Prompt —
Could you retype exactly the line containing "Rubber Ring (RR)" and every line after it in the data below, leaving out the pictures?

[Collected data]
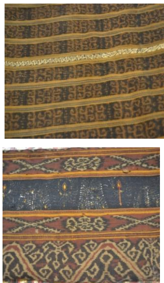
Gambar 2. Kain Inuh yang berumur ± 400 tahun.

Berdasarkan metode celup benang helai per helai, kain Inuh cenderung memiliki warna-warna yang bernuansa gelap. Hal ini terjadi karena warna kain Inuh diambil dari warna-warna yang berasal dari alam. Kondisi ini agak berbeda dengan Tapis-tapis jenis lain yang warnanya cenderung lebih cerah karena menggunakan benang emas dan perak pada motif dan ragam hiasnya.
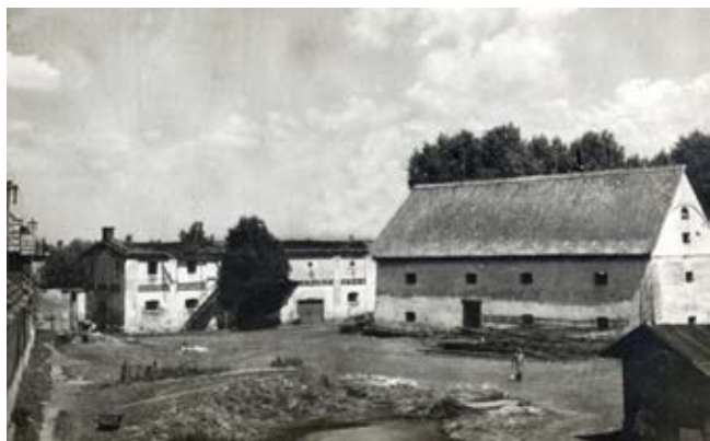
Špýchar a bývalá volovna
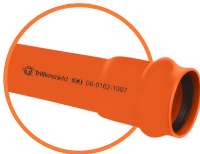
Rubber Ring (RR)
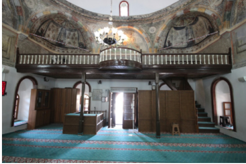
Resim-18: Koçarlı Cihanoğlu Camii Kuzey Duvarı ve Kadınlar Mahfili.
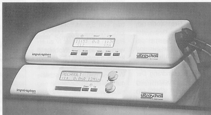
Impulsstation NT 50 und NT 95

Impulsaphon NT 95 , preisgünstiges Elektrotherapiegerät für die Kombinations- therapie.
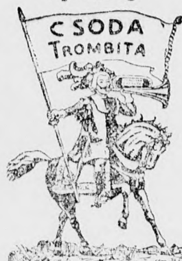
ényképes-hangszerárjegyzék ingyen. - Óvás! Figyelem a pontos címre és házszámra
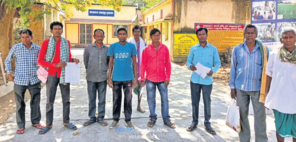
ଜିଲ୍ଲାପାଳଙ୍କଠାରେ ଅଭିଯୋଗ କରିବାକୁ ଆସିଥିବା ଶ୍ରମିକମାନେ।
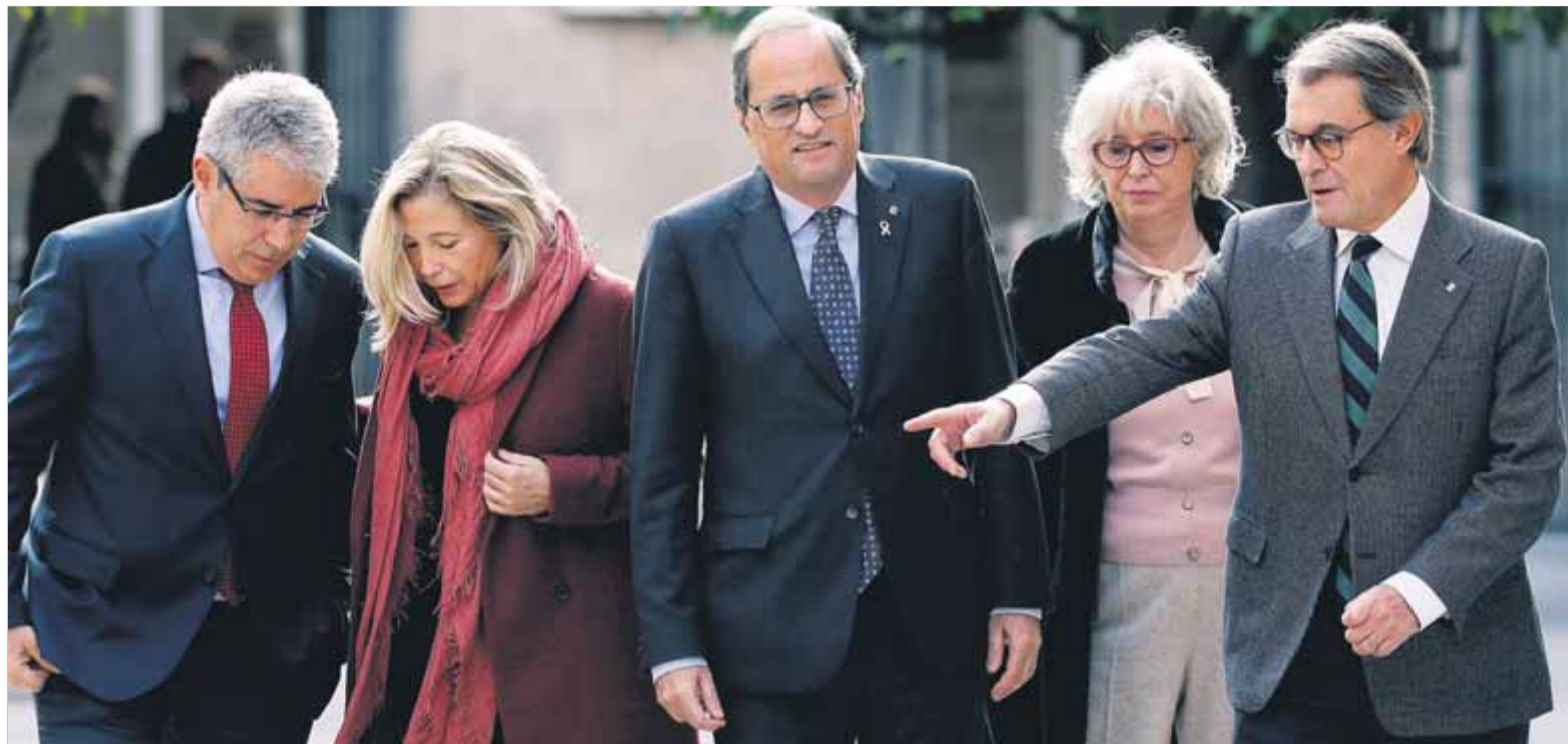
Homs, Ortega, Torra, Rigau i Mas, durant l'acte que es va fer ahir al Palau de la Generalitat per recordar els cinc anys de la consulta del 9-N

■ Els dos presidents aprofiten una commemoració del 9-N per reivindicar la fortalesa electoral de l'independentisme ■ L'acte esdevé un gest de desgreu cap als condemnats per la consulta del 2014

Task solution —
Rubber Ring (RR)
Resim-18: Koçarlı Cihanoğlu Camii Kuzey Duvarı ve Kadınlar Mahfili.
Impulsstation NT 50 und NT 95

Impulsaphon NT 95 , preisgünstiges Elektrotherapiegerät für die Kombinations- therapie.
ényképes-hangszerárjegyzék ingyen. - Óvás! Figyelem a pontos címre és házszámra
ଜିଲ୍ଲାପାଳଙ୍କଠାରେ ଅଭିଯୋଗ କରିବାକୁ ଆସିଥିବା ଶ୍ରମିକମାନେ।
Homs, Ortega, Torra, Rigau i Mas, durant l'acte que es va fer ahir al Palau de la Generalitat per recordar els cinc anys de la consulta del 9-N

■ Els dos presidents aprofiten una commemoració del 9-N per reivindicar la fortalesa electoral de l'independentisme ■ L'acte esdevé un gest de desgreu cap als condemnats per la consulta del 2014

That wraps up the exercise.